I also love the following books’ approach to nutrition:

Additionally, if you have the resources to do so, try seeing an HAES or Intuitive Eating nutritionist who can help you put together meal plans and ensure you’re eating balanced meals. If you’re working out, make sure you are fueling before, during, and after your workouts – a nutritionist or a sports medicine doctor can help you put together a meal plan for your exercise routine to make sure your body doesn’t go into starvation mode.

If you are practicing Intuitive Eating or HAES and find that you keep on gaining weight, have trouble feeling full, feel hungry all the time, or feel sick or tired after eating, then you may have a metabolic or blood sugar issue, which brings me to the next recommendation.

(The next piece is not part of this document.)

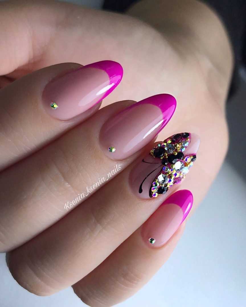 Розовый — вариант для тех, кто не хочет делать белый френч, но еще не готов сделать слишком яркие или черный. Это выбор нежных и романтичных натур. Хотя розовый френч может быть не просто пастельным, но очень, очень ярким. Например, в оттенке фуксия.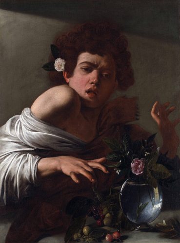 imagine jos: Caravaggio, Băiat muşcat de şopârlă, 1594-96, ulei pe pânză

Find medical professionals who understand your condition

As much as I love exercise classes, be wary of people in the fitness industry without nutrition backgrounds who try to give put you on a gym diet or try to sell you on low-carb or other fads, and run far, far away from any doctor who tells you that calories in/calories out is the foolproof way to lose weight or accuses you of not trying hard enough. Sadly, fat bias in medicine is an issue, and one that I’ve personally experienced in the past.

Don’t compromise on your right to see a healthcare specialist who treats you with dignity and listens to your concerns. If you’re having trouble finding a doctor who takes your health seriously, Mara Nesbitt’s guide to finding a fat-friendly doctor is an excellent starting point. If you can, see an obesity, metabolic, or diabesity specialist and an HAES/Intuitive Eating nutritionist. An endocrinologist may also be helpful if you suspect you have a thyroid problem. If you are concerned that you have a blood sugar issue, make sure your doctor is doing glucose tolerance tests that go beyond just your fasting blood sugar levels to look at the complete picture of what happens 90-120 minutes after you eat, as well as a complete metabolic panel.


Ultimately, I believe that we need to stop obsessing over diets and weight. We need to acknowledge that it’s less about how your body looks and more what you do with it. Our bodies do not deserve punishment. They are not untrustworthy, bad, or ugly. They’re beautiful, strong, and capable of so many incredible things. It’s time to stop the body torture and begin loving ourselves. Everyone deserves to be happy and healthy, and breaking free of dieting is the first step down that road.